Too late, he realized that Joaquin had grinned for the first time that day.

"Ah, so you know him. Small world, Doc."

"No, I don't. I have seen his shows." His boyfriend Ethan was thick with Bob.

"You know him well," Joaquin guessed. "Perfect! You can help me get him!"

"No," Doc hastened to repair the damage, "no, that's unprofessional. In fact, I should reassign you to another colleague of mine – "

"You will help me, Doc," Joaquin told him.

Doc sighed. Joaquin wasn't asking, and when he was in his Genghis Khan mode, Doc felt intimidated enough to cave in.

THREE

Bob saw Joaquin walking towards his store, and immediately he ordered his assistant to tell the man he was out. Even as his heart soared at the sight of Joaquin – stupid, since he didn't even know that man! – whom he hadn't seen for three days, he ran into his store room and pulled the shades down. And locked the door.

"He's not in here!" he heard his assistant Jane protested.

Joaquin's heavy shoes thumped on the floor. "Yeah, you told me already," he said, then there was a loud thump of fist on door. "Don't look so terrified. I don't have a gun, I don't need money, and I don't want to kill Bob. I'm actually a very nice guy." Then there was another loud thump – the washroom door. "Bob? I know you're in here. Your van is parked outside."
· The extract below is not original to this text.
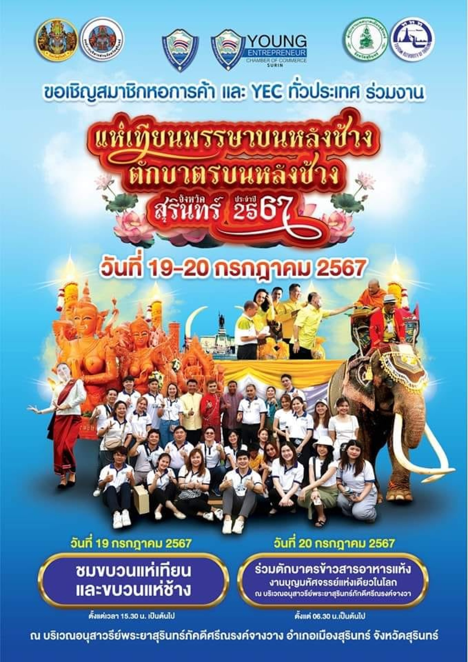 ขอเชิญร่วมงานมหกรรมแห่เทียนพรรษาบนหลังช้างและตักบาตรบนหลังช้างประจำปี2567

The doorknob turned, and then there was a violent shake on the door. "Open up Bob."

"Get the fuck away, you psychopath," Bob told him. "You're mad. You're a lunatic nutcase!"

"Obviously you have been talking to my ex-boyfriend," Joaquin said, testing the door. "You know, I can stand out here and wait until either you come out or your sweet assistant calls the cops."

"What do you want?"

"I want to apologize over last night. I just realize I shouldn't ask you to sleep with me ten minutes after meeting you. It's rude, I know. Maybe we can go for a few dates and then we sleep together, how's that?"

"Call the cops!"

"Don't you fucking move!" – presumable Joaquin was talking to Jane, before telling Bob, "I take that as a no?"

"I don't believe this!" Bob groaned. This was an all-time low in his life, worse than when he dated a twenty-two year old friend of a friend out of pity and almost got chewed by the date's possessive boyfriend-to-be. He fought a crazed need to laugh. "Joaquin, you are fucking crazy. No, I don't want to date or sleep with you."

"Why not?" Joaquin demanded.

Bob realized the man was really, dead serious. "You really want to know why?"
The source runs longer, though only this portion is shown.